If you're doing advanced reading you may come across the following terms which are used to describe the Four Quadrants of Operant Conditioning. These might be confusing when we're talking about positive reinforcement training because the quadrants include terms with the word "positive" that are not actually positive. Positive in this sense just means the addition of something (including punishment), and negative the subtraction of something - not that the method is force-free or humane.
- Positive Reinforcement (+R) is adding a desireable stimulus (e.g. reward - treat, attention, play, etc.) to increase the frequency of behavior. A dog sits and gets a click and a treat. R+ methods are regarded as the most effective form of training because the dog creates a positive emotional response, achieving long-lasting results.
- Negative Reinforcement (-R) is removing an aversive stimulus to increase the frequency of behavior. A dog runs away from the handler and an electric shock is administered until the dog begins to return to the handler (removing the shock to increase the frequency of dog checking in).
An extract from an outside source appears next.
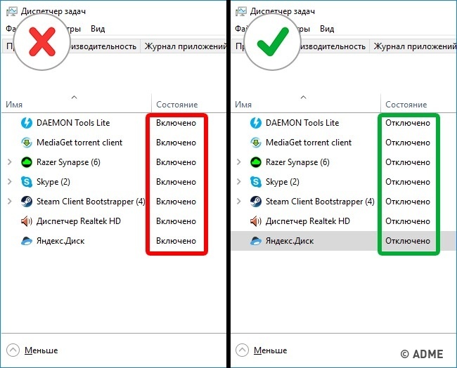 - Програми, які необхідні при запуску, можна включати і відключати вручну. Головне, не чіпайте ті компоненти, назви яких для вас незрозумілими.

R- methods can increase anxiety and fear, which can lead to reactivity and aggression, and are therefore not recommended
- Positive Punishment (+P) is adding an aversive stimulus which will reduce the frequency of behavior. Spanking, shouting, or cutting off air supply through a choke chain can be examples of positive punishment. "But it says positive punishment... I'm confused" It's not positive. Using P+ methods relies on causing pain, discomfort, or another unpleasant sensation. This often results in an increase in anxiety, fear, reactivity, and/or aggression. While P+ methods can certainly achieve short term results, it does so by suppressing behavior and can create a negative emotional response. For example, a dog barks at other dogs, and we shock him each time he barks; he is now less likely to bark because it causes him pain, but he now associates the other dog with being shocked. This can increase fear and/or anxiety, leading to increased reactivity or aggression. We've also taught him that he shouldn't communicate his fear by barking; the next time he is afraid, he may jump straight to growling, snapping, or biting instead. In many cases in which a dog 'bites out of nowhere,' it is because he has learned that other warning signals do not produce the desired result - making the scary thing go away.
- Negative Punishment (-P) is removing a desireable stimulus to reduce the frequency of behavior. If a dog jumps on a person to greet them, and the person walks away when the dog jumps, negative punishment has been employed – that person is removing their attention to reduce the frequency of jumping in the future. Another example: We stop playing with a dog when he mouths us. Care should be taken when using P- methods to also redirect the dog to a behavior that we do want to see so that he can then receive positive reinforcement. Without this second step, the dog may become frustrated, experiencing an 'extinction burst' in which the behavior increases or escalates before it goes away.